__TASK DESCRIPTION__
A word-for-word copy of the data, with no images, is the required answer.

__DATA BELOW__
>>>

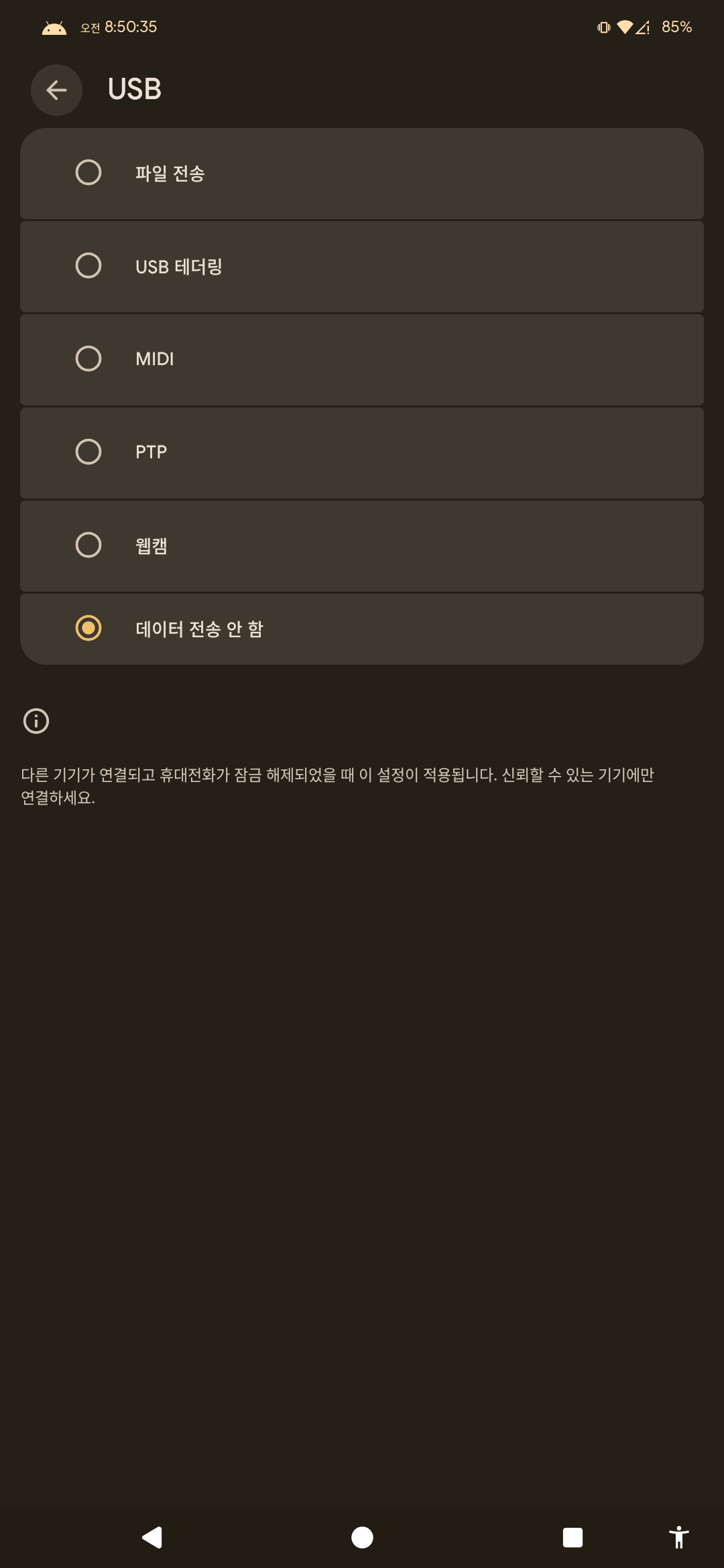 - 제조사 커스터마이징: 삼성, 샤오미, LG 등 제조사마다 USB 연결 정책을 다르게 적용하지만,
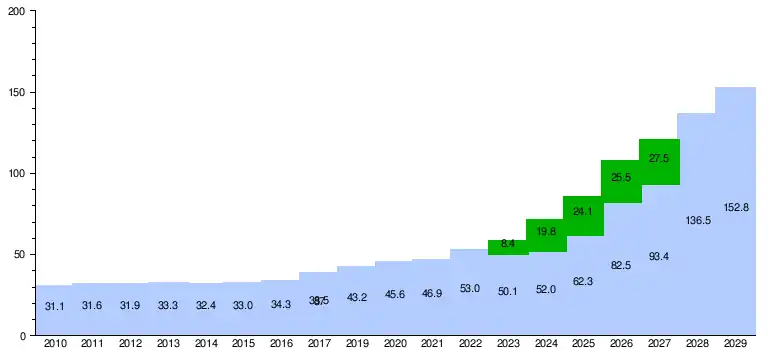 In 2025, the new government under Chancellor Friedrich Merz passed laws to further significantly expand the Bundeswehr, both in materiel and personnel. The annual military budget of Germany is to grow from ~2% of its GDP in 2025 to 3.5% in 2029.[55] A new push to gain more volunteers and mechanisms for compulsory drafting in case these efforts are insufficient ("Nordic model") have been announced to come into force on January 1, 2026. The goal is to reach a number of 260,000 of active Bundeswehr personnel, a 30% increase from its 2025 number.[56]
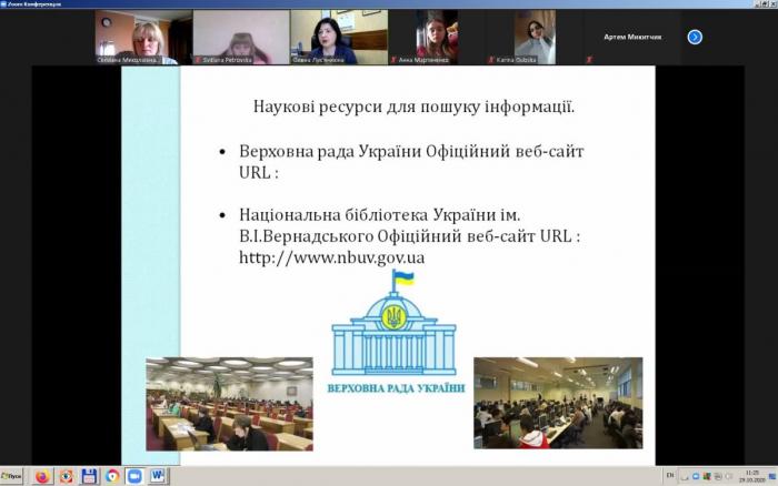 Друга частина доповіді була присвячена основним підходам до підготовки наукової доповіді. Олена Анатоліївна наголосила на необхідності дотримання доброчесної поведінки здобувачем вищої освіти як у рамках освітнього процесу, так і наукової діяльності, ознайомила присутніх з основними науковими ресурсами та методами пошуку інформації для підготовки наукового повідомлення.

<<<

__RESPONSE TO THIS TASK__
 - 제조사 커스터마이징: 삼성, 샤오미, LG 등 제조사마다 USB 연결 정책을 다르게 적용하지만,
 In 2025, the new government under Chancellor Friedrich Merz passed laws to further significantly expand the Bundeswehr, both in materiel and personnel. The annual military budget of Germany is to grow from ~2% of its GDP in 2025 to 3.5% in 2029.[55] A new push to gain more volunteers and mechanisms for compulsory drafting in case these efforts are insufficient ("Nordic model") have been announced to come into force on January 1, 2026. The goal is to reach a number of 260,000 of active Bundeswehr personnel, a 30% increase from its 2025 number.[56]
 Друга частина доповіді була присвячена основним підходам до підготовки наукової доповіді. Олена Анатоліївна наголосила на необхідності дотримання доброчесної поведінки здобувачем вищої освіти як у рамках освітнього процесу, так і наукової діяльності, ознайомила присутніх з основними науковими ресурсами та методами пошуку інформації для підготовки наукового повідомлення.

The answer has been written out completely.